Why is it undefined if multiple threads join a thread?

2
votes

If I have multiple threads and I would like to wait for a thread to finish, why is this undefined according to the pthread_join() function?

For example, the code below shows thread 1 and 2 wait for thread 0:

void* thread1(void* t1){
..
pthread_join(pthread_t thread0, void **retval1);
return NULL
}

void* thread2(void* t2){
..
pthread_join(pthread_t thread0, void **retval2);
return NULL
}

Why would this behaviour be undefined or in other words not possible?

3
clinuxmultithreadingpthreads
I think this example needs code, because you seem to have a misconception here. The joining of two threads is not a symmetric operation. I.e. it is fine if thread A1 joins B, and then thread A2 joins B. That means B waits for A1 to finish,and then waits for A2 to finish. What won't work is having B1 and B2 both wait for thread A to finish. - MSalters
The latter case is the is what I am referring to. I will include code to illustrate this. - duper21
BTW, note that POSIX also makes it impossible for thread B to wait on A1 and A2 or A1 or A2. You have to wait on A1 and then wait on A2, which is a bit of a hassle if you don't know up from which one will finish first. In comparison, Windows has WaitForMultipleObjects. This is far more flexible. - MSalters
@MSalters I am aware that threads can only wait on one thread in linux but what I don't understand is why multiple threads cannot wait on one thread to finish. What is stopping them from doing so? - duper21
Are you asking why you can't call pthread_join twice, or are you asking for a way to accomplish what you are trying to do? - pat

3 Answers

3
votes

The pthread_t object will generally point to some allocated data pertaining to the thread. Among this data will generally be the return value of the thread. pthread_join will read the return value and free the thread data.

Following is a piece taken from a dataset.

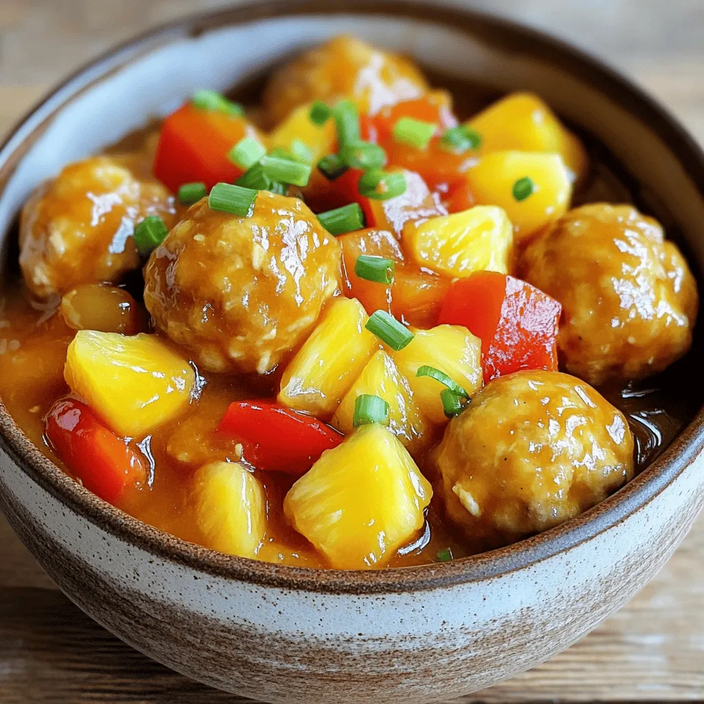 Pair your sweet and sour chicken meatballs with fluffy white rice or quinoa. These sides soak up the sauce well. You can also serve them with steamed vegetables for added color and crunch.

If you pthread_join the same pthread id twice, you kind of have a case of a double-free. The pointed to data might be invalid on the second join, but it also could have been reused in an unpredictable fashion by another thread.

The results are difficult/impossible to reason about. Hence the UB.

1
votes

Basically, the retval of thread0 is stored until one thread calls pthread_join. After that, the retval is no longer available.

C++ has std::shared_future which explicitly is designed so multiple threads can wait for a single result, which shows your idea isn't strange.

1
votes

pthread_join is a resource-identifier-freeing operation, like close on file descriptors, free on allocated memory, unlink on filenames, etc. All such operations are inherently subject to "double-free"/"use-after-free" bugs if the identifier (here, the particular pattern of bits making up the pthread_t value) can be used again in the future. As such, the behavior has to be either completely undefined or subject to conditions that make it a serious programming error, to the point where it might as well be undefined.

Note that in your mental model you might be thinking of both pthread_join calls "starting before the thread exits", and thereby taking place during the time when the pthread_t identifier is still valid. However formally there is no ordering between them, nor can there be. There is no observable distinction between the state of "already blocked in pthread_join" and "just about to call pthread_join".